The Sign of the Crysanthemum
- First edition
- Author: Katherine Paterson
- Illustrator: Peter Landa
- Language: English
- Genre: Historical novel
- Publisher: Crowell
- Publication date: 1973
- Publication place: United States
- Media type: Print (hardcover)
- Pages: 264 (hardcover edition)
- ISBN: 978-0-690-73625-0 (hardback edition)
- OCLC: 488236
- LC Class: PZ7.P273 Si

= The Sign of the Chrysanthemum =

1973 historical novel by Katherine Paterson

The Sign of the Chrysanthemum is a 1973 historical novel that was the first published work by American author Katherine Paterson. The novel is set in 12th century Japan around and during the Heiji rebellion and tells the story of Muna, a 14-year-old who searches for his long-absent father following his mother's death.

==Summary==
Muna has never seen his father and only knows that he has a chrysanthemum tattoo on his left shoulder. While stowing away on a ship, Muna meets Takanobu, a likable ronin. They eventually leave the boat and begin exploring 12th century Kyoto together. Takanobu takes care of Muna, including finding the boy cleaning stables. On New Year's Eve, Takanobu sends Muna on an errand when a fire erupts at the Red Dog, an inn where Takanobu has been residing. Muna learns that his acquaintance Plum Face and Takanobu are dead and returns to the Red Dog to find it engulfed in flames. He is badly burnt from the toxic smoke from the fire.

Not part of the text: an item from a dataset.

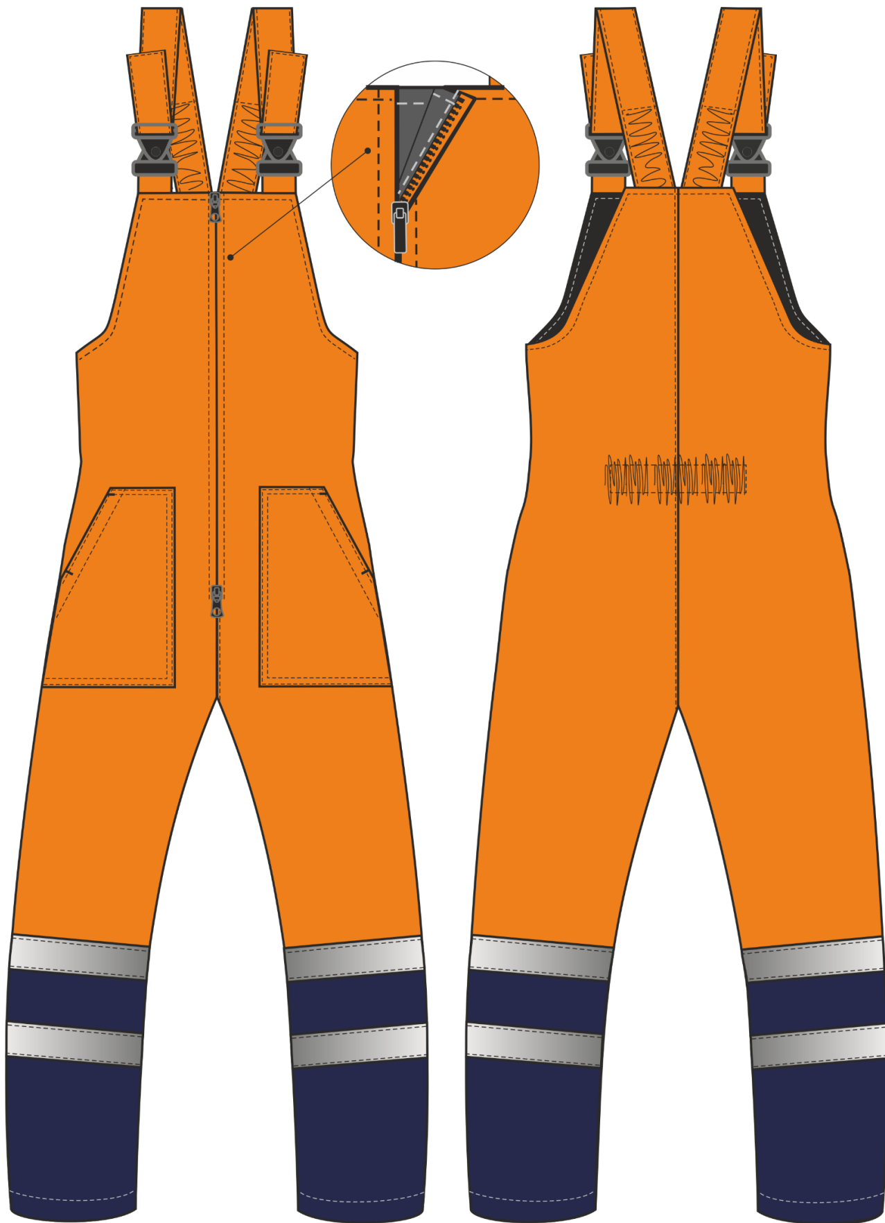
Рис.3. Эскиз Костюм зимний Дорожник-Ультра (тк.Смесовая,210) п/к, оранжевый/т.синий. Полукомбинезон, вид спереди и сзади.

Muna is found by Fukuji, a swordsmith, which allows the boy to stay with him and perform chores. Sometime later, Muna discovers a man dressed as a priest is following him and recognizes Takanobu. As a favor to him, Takanobu asks Muna to steal a sword from Fukuji. Though Muna brings a sword to Takanobu, he refuses to relinquish the weapon unless Takanobu admits that he is Muna's father. When Takanobu does not respond, Muna attacks and wounds Takanobu; he runs away and buries the sword in front of a neglected shrine. Fukuji discovers Muna is missing just as a visitor arrives, telling Fukuji that he is Muna's father - Fukuji recognizes the visitor is Takanobu. Amidst the uncertainty, if Takanobu is truly his father, Muna must choose between fulfilling his "father's" wishes and proving his loyalty to Fukuji.